━━━━━ INFORMATION SHOWN

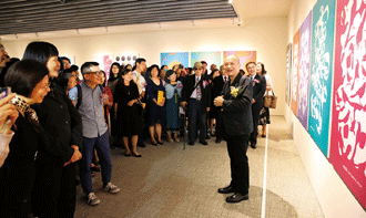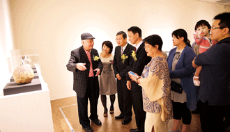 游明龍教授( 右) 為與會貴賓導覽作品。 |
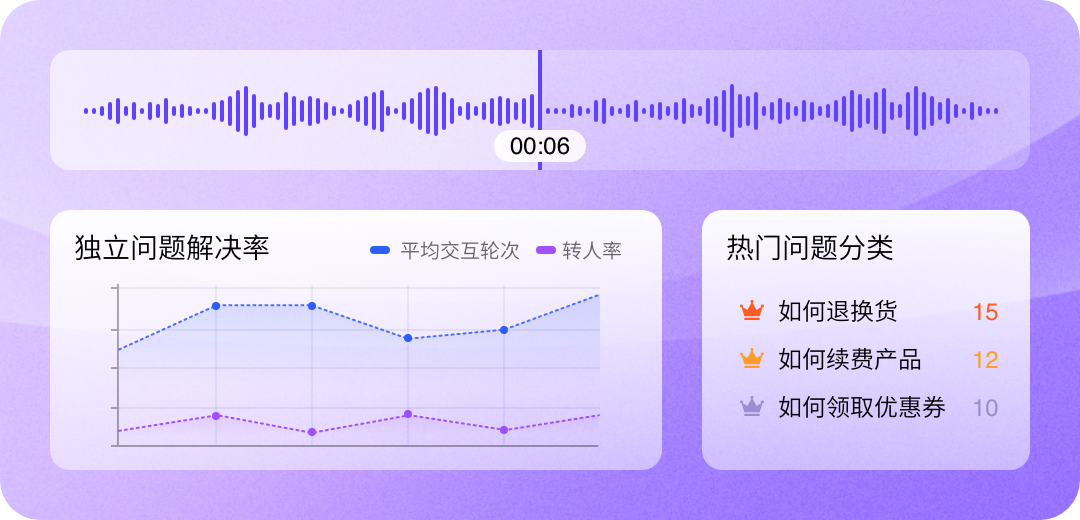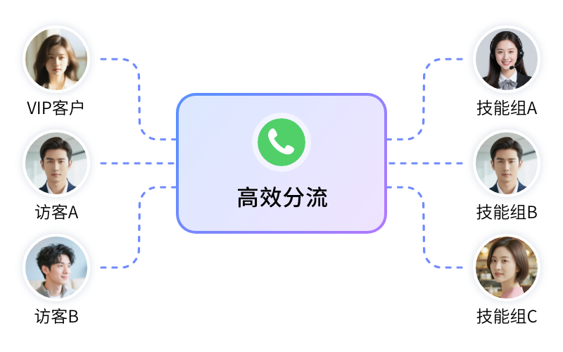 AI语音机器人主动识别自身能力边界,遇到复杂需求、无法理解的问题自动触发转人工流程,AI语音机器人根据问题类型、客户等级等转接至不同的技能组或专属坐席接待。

━━━━━━━━━━
━━━━━ INFORMATION SHOWN

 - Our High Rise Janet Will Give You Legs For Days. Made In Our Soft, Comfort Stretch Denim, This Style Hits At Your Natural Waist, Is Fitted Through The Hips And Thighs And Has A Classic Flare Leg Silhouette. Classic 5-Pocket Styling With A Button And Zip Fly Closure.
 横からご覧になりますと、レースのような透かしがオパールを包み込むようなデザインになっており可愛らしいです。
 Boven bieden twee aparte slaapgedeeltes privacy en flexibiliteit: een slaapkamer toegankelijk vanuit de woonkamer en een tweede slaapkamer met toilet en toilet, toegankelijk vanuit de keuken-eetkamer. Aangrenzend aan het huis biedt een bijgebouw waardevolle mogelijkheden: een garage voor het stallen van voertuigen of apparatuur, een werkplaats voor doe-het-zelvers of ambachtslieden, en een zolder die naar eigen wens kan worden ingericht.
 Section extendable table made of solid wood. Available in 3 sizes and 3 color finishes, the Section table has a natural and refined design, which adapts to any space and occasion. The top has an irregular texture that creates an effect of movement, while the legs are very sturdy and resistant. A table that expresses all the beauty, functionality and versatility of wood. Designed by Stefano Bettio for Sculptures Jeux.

━━━━━━━━━━
━━━━━ INFORMATION SHOWN

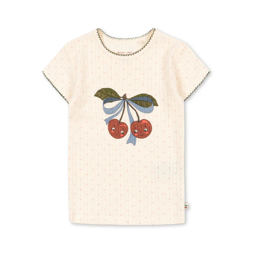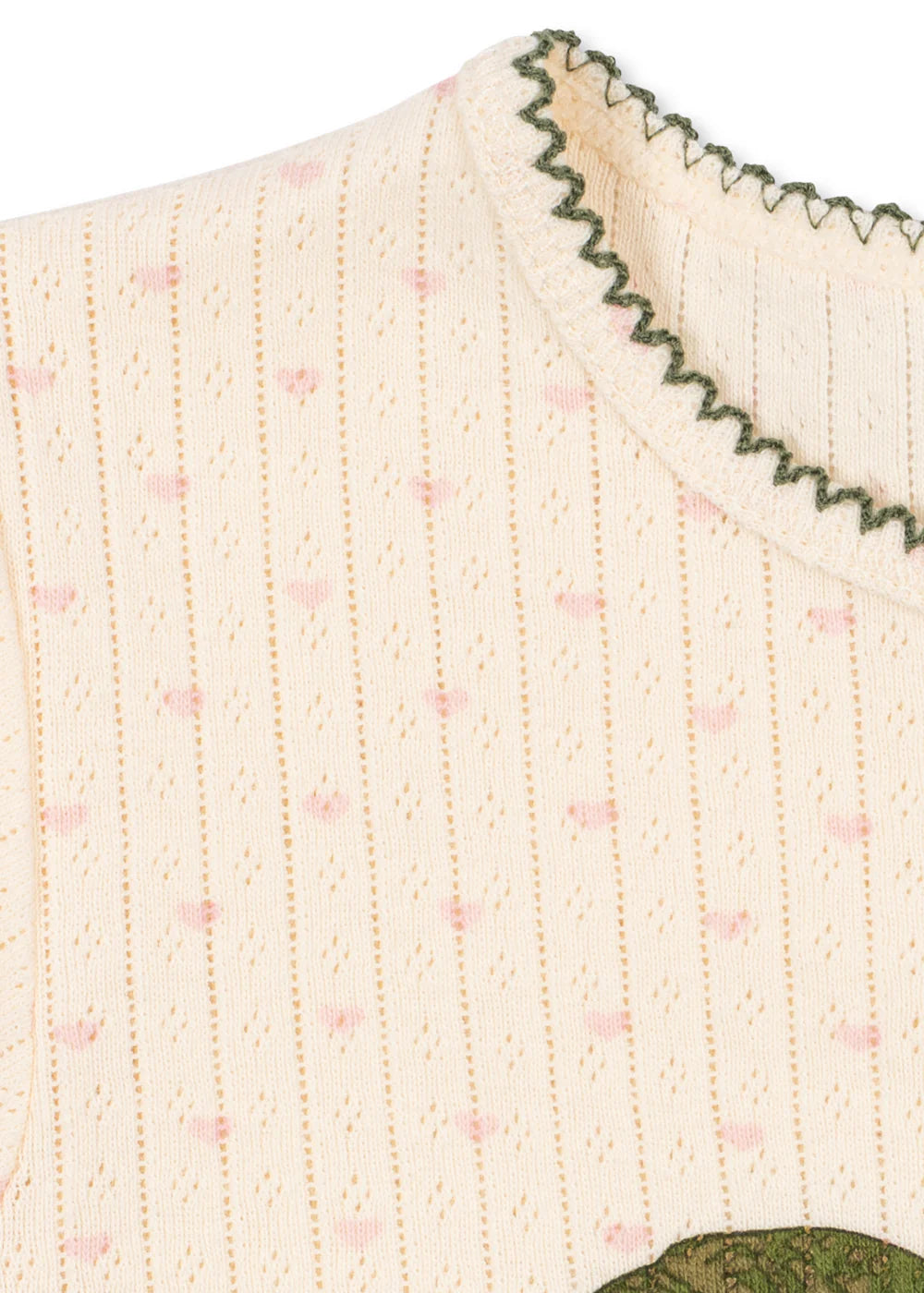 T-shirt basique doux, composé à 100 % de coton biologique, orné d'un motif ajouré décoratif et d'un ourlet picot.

━━━━━━━━━━

→ **WHAT TO DO**
Copy only this from above: the line containing "游明龍教授( 右) 為與會貴賓導覽作品。 |", the line containing "AI语音机器人主动识别自身能", and all lines between, printed exactly. Leave out the pictures.

→ **ANSWER SECTION**
 游明龍教授( 右) 為與會貴賓導覽作品。 |
 AI语音机器人主动识别自身能力边界,遇到复杂需求、无法理解的问题自动触发转人工流程,AI语音机器人根据问题类型、客户等级等转接至不同的技能组或专属坐席接待。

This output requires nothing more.